After a trip on the high level monorail around the grounds and a ride on the replica 1912 London bus, I was keen to view the treasures of the National Motor Museum. There are over 250 cars on show, from the early vintage models of the 30s and 40s, through to classic cars of the 70s and 80s. Historic F1 and rally cars and Donald Campbell’s Bluebird are all on show. All the vehicles are in a fabulous condition, even down to Del Boy’s faithful 3 wheeler and the flying Ford Anglia seen in Harry Potter and the Chamber of Secrets.
There’s now also two great exhibitions. One based around James Bond, with genuine cars from some of the films and the World of Top Gear, also not to be missed!
Exbury Gardens and Steam Railway
Exbury and Lepe are situated on the south-east fringe of the New Forest, and are dominated by the world famous gardens created in the 1920s by Lionel de Rothschild. My visit started with the beautiful 2 mile drive called Summer Lane and I was able to pull over a couple of times to look at the ponies and admire the views.
Exbury is a spectacular woodland garden with a famous collection of rhododendrons, azaleas, camellias and rare trees and plants. Also on site is a plant centre, gift shop and tea rooms with plenty of free parking.
I must say, for me the steam train was the highlight of my visit. A fantastic ride through the gardens in immaculate carriages pulled by a wonderfully preserved locomotive - great fun!
My short break was made complete with a stay at an exclusive, luxurious getaway at the edge of the New Forest near Ringwood. Owned and run by Brett and Sue Jones, Little Paddock is a perfect location for a well earned break or special occasion. Brett and Sue’s attention to detail and customer service is amazing. Sue told me that they have many guests returning year after year and after experiencing a short break here myself I could easily appreciate why.
Little Paddock is made up of three areas. There’s the award winning 4 star bed and breakfast, the 4 star luxury self-catering woodland lodges and the entirely separate Caravan CL site. Near the lodges and main house there’s also a heated swimming pool, sauna, hot tub and short tennis court available.
The stunning woodland lodges are uniquely hidden within their own little glen. They are exclusively for adults and sleep two. Each lodge has been carefully designed by Brett and Sue to a high standard and have been given lovely names such as ‘Forget Me Not’, ‘Mistletoe Mansion’, ‘Bramble Lodge’ and the ever popular ‘Love In The Mist’. Lodges have all mod-cons including WiFi, wet rooms, comfortable bedrooms, lounge/diners and a fully equipped kitchen. With adequate heating provided they can also be booked during the winter months for a romantic getaway. I found the private Village Green tucked away to the rear of ‘Honeysuckle Lodge’, and loved it's BBQ and garden seating.

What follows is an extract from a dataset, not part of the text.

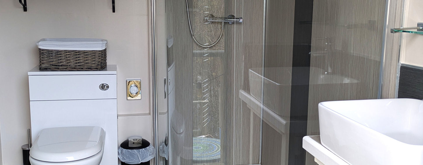 The well-appointed shower-room has a proper flushing toilet and a large walk-in shower with plenty of hot water and good water pressure. The fully equipped fitted kitchen has a gas cooker, with hob and oven, and a small fridge.

Meanwhile the B&B accommodation consists of 3 luxurious bedrooms available for guests with each room having a seasonal theme. My room was called Autumn – peaceful and relaxing with en-suite, bedroom and comfortable separate lounge area. I had seen the Visit England Breakfast Award plaque near the newly refurbished lounge area and couldn’t wait to try a full English! I wasn’t disappointed, with Sue’s homemade bread on the side, the breakfast was in a class of its own!